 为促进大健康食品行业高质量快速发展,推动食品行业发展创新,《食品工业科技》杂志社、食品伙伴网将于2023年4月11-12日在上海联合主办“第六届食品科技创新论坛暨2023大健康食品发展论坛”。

* * *

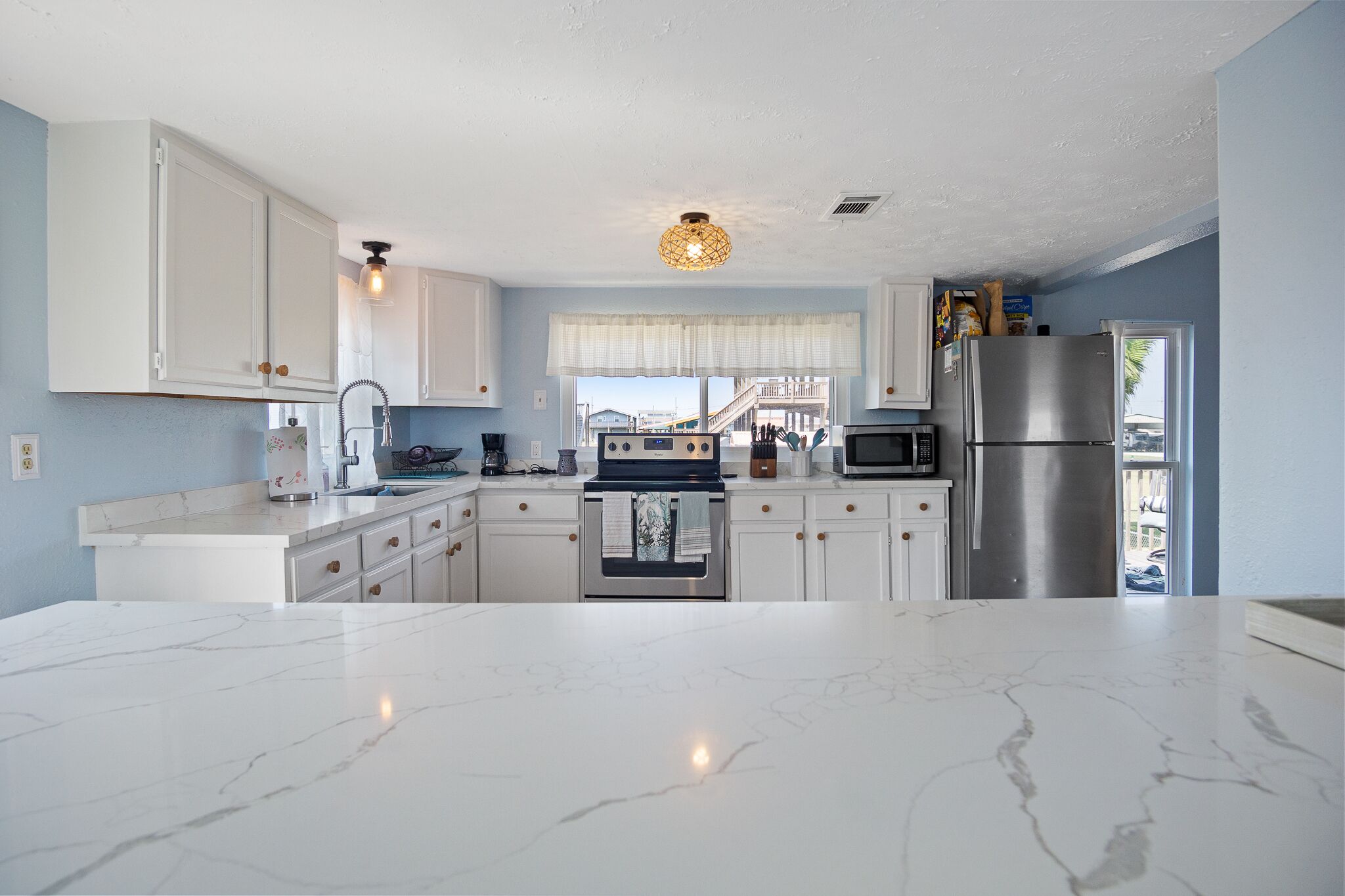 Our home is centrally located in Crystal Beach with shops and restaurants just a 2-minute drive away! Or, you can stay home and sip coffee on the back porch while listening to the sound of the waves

--

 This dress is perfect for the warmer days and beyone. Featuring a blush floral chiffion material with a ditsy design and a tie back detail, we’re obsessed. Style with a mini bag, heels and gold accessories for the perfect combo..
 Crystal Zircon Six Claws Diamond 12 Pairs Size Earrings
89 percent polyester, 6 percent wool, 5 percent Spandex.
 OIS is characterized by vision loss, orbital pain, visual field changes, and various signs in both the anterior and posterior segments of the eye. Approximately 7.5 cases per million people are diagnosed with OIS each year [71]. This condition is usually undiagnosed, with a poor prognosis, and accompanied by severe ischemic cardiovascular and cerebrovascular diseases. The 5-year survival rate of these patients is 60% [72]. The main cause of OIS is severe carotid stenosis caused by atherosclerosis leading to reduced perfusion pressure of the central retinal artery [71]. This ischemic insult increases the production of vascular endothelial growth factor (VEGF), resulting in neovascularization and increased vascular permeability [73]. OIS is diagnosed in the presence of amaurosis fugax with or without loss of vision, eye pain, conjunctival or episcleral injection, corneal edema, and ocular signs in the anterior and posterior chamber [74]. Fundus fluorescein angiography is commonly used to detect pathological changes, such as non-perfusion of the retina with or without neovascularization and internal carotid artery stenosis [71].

• [TASK TO CARRY OUT]: Look above for the line with "Crystal Zircon Six" and the line with "89 percent polyester, 6". Retype those two lines and every line between them exactly, adding nothing.

• [PROBLEM SOLUTION]:
 Crystal Zircon Six Claws Diamond 12 Pairs Size Earrings
89 percent polyester, 6 percent wool, 5 percent Spandex.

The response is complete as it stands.